We then estimated the landscape of neoantigens that would be suitable for a hypothetical vaccine formulation using the Ancer tool. Candidate vaccine antigens were defined by Ancer based on a series of automated instructions that created optimal amino acid sequences, usually ranging between 15 and 25 amino acids, that contained overlapping HLA class I and class II neoepitopes of interest, while avoiding the inclusion of cross-conserved or otherwise detrimental epitopes, along with flanking residues. We again found that the number of Ancer-designed neoantigen candidates was strongly correlated with patient total TMB (Pearson's r = 0.99, p < 0.0001) (Fig. 2c). As most neoantigen-based vaccine trials employ up to 20 neoantigen candidates23,24, we determined that at least 20 optimal sequences could be generated for patients that have 1.46 mutations per megabase or more, corresponding to 95% of the BLCA cohort. Therefore, most bladder cancer patients present a sufficiently high number of mutations and would be eligible for standard neoantigen-based vaccinations designed by Ancer.

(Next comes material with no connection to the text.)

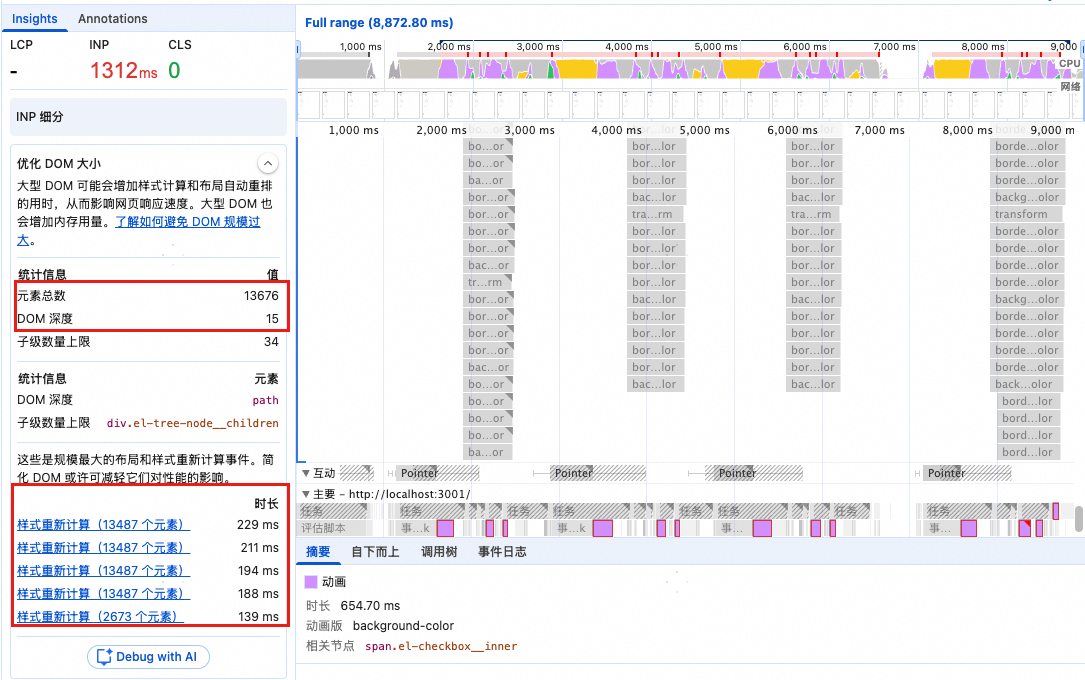 再看图5,浏览器给出的建议"优化DOM大小",此时整个HTML有13676个元素,下面的"样式重新计算"就有13487个元素。

Number of Ancer-derived neoepitopes is a prognostic biomarker for bladder cancer
We next evaluated whether neoepitope count was a prognostic biomarker in bladder cancer and compared the performance of the Ancer pipeline analysis with TMB or neoepitope counts determined with NetMHCpan 4.0 and NetMHCIIpan 3.1. As no standardized NetMHCpan-based neoantigen computational pipeline exists, we employed an approach that was similar to the one employed by the TCGA Research Network in their analysis of the BLCA cohort19, where neoepitopes were defined as mutated HLA ligands identified with default NetMHC- pan cutoff values. Our latter analysis, employing NetMHCpan 4.0 and NetMHCIIpan 3.1, is referred to as the "NetMHCpan" analysis in this manuscript (Fig. 1).
The cohort's median TMB was employed to identify BLCA patients with high (TMBhi) or low TMB (TMBlo). Similarly, patients with high and low neoepitope burdens were defined using the median class I or class II neoepitope counts, based on the Ancer analysis or the NetMHCpan analysis (Fig. 1). Patients with overall high neoepitope burdens were defined as having both a higher than median class I neoepitope burden and a higher than median class II neoepitope burden (CD8hiCD4hi patients). These patients' survival was compared to the remainder of the cohort, which includes (1) patients with high class I neoepitope burden but lower than median class II neoepitope burden (CD8hiCD4lo patients), and (2) patients with lower than median class I neoepitope burden, regardless of their class II neoepitope burden (CD8lo patients, i.e. CD8loCD4lo and CD8loCD4hi patients). The use of categorical variables was motivated by the desire to generate distinct patient subgroups combining CD8 and CD4 neoepitope information without losing information about the source of the neoepitopes (class I vs class II). Adding counts of CD8 and CD4 neoepitopes to generate an "overall" neoepitope burden would obscure information that we believe is important to consider and would collapse epitopes that are associated with different immunological functions, such as promoting either cytotoxic (class I) or helper (class II) T cell responses.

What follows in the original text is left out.